Chapter 21 - Al's First Solo Pizza

I'd commissioned a set of hourglasses from a dwarven glassblower named Kargan. Four of them — one, three, five, and ten minutes, each with different colored sand so Al could tell them apart at a glance. The dwarf had looked at me like I was insane when I described the precision I needed.

"Down to the grain?" he'd asked.

"Down to the grain."

He'd grunted and named a price. I paid it without arguing.

They arrived three days later, wrapped in oilcloth and packed in straw. The glass was flawless — clear as spring water, the sand flowing smoothly through the neck without a single grain catching. I set them on the shelf above the prep table and watched Al's face light up.

I'd catch him in the kitchen after hours, one of the timers in his hand, watching the sand trickle through while he muttered under his breath. He was trying to internalize the timing. Ninety seconds for a basic Margherita. Two minutes for something thicker. He had the numbers memorized, but memorization wasn't the same as instinct.

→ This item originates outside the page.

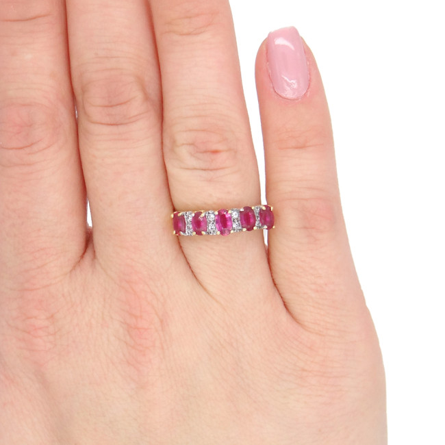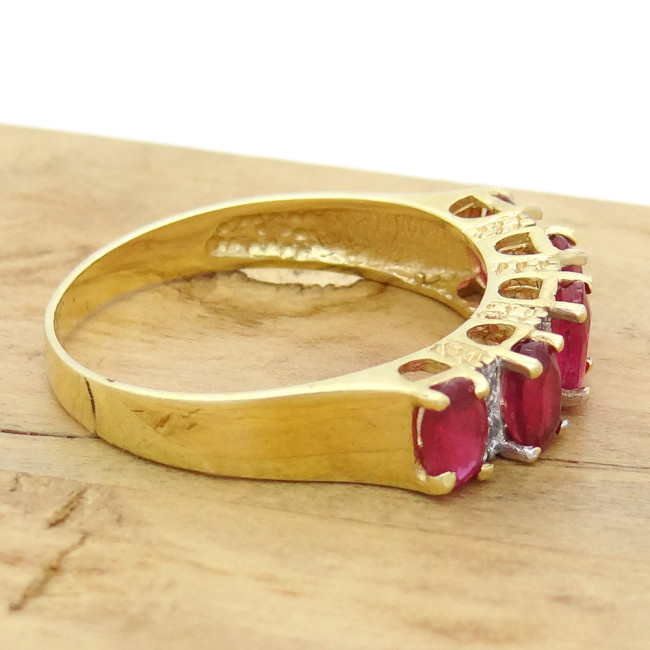 Meia Aliança com 5 Rubis e 8 Diamantes, em Ouro Amarelo 18 Kilates

"You'll get it," I told him one evening.

"It is a matter of practice, sir."

"It's a matter of burning enough pizzas that you learn what burnt smells like."

He gave me a look. That look. The one that said he was too proper to roll his eyes but not too proper to imply it.

Today was the day. I'd decided last night. He'd shadowed me for long enough, watched me stretch dough and ladle sauce and slide pizzas onto the peel a hundred times. If he was going to learn, he had to actually do it.

"You're up," I said, stepping away from the prep table.

Al's eyes widened. "Sir?"

"First pizza of the day. All yours. I'm just watching."

"Today?"

"Unless you need another week."

He straightened his apron. His jaw tightened. "I do not require another week."

"Good. Go."

He stepped up to the table like he was approaching a wild animal. Careful, measured, ready to bolt. His hands hovered over the dough ball, twitching. I could see him running through the steps in his head — his lips moved slightly, counting or reciting. Flour the board. Press the dough. Stretch from the center.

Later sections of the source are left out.